Share your dilemmas and get honest opinions from other Mumsnetters.

Maybe it’s just me, am I insecure?

102 replies

JulietJulietWhere · 13/01/2023 22:26

Just a quick AIBU.

So not sure whether it’s me being insecure as I have form for being a bit of a ‘princess’ or whether DH is being a disrespectful arse.

On holiday at the mo and watching all those silly Shows in bars but whenever a man comes on the stage topless absolutely loving himself I always make conversation with DH or go up to the bar to a drink not because DH says anything I just feel uncomfortable giving another male attention. When a lady comes on the stage ‘you know those really tacky shows’ DH completely ignores me stares at the stage literally like right at them full attention, open body language. I just think it’s completely disrespectful and quite creepy behaviour.

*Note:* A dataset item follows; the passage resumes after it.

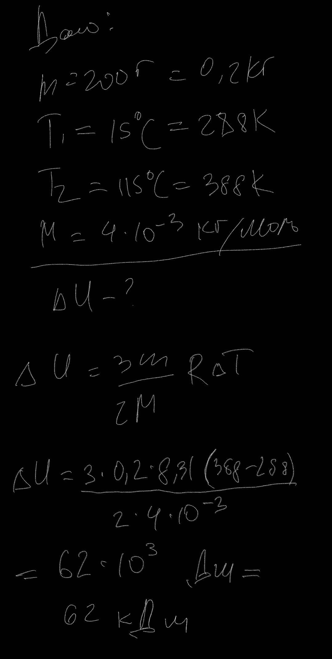 №2 Гелій масою 200 г нагріли від 15 0С до 115 0С. Знайти зміну внутрішньої енергії

The same happens everywhere, if we are out and a good looking guy comes into our path e.g on the beach or by the pool, I will deliberately turn the other way not to give this person any attention (not that DH has asked it’s just morally feels wrong) but when the attention seeking women come along he won’t even think to just discretely turn his back or give me more attention etc it just feels like he’s constantly open to anyone and everyone receiving his attention at the detriment of me but then I may just be insecure.

AIBU or insecure?

OP posts:
Dowhahdiddy · 13/01/2023 23:36

one of the females dancing directly towards where me and DH are sat. He lets go of my hand, repositions himself sprawled out, legs wide open and any further conversation is initiated by me.

🤮

You’re both weird, just for different reasons.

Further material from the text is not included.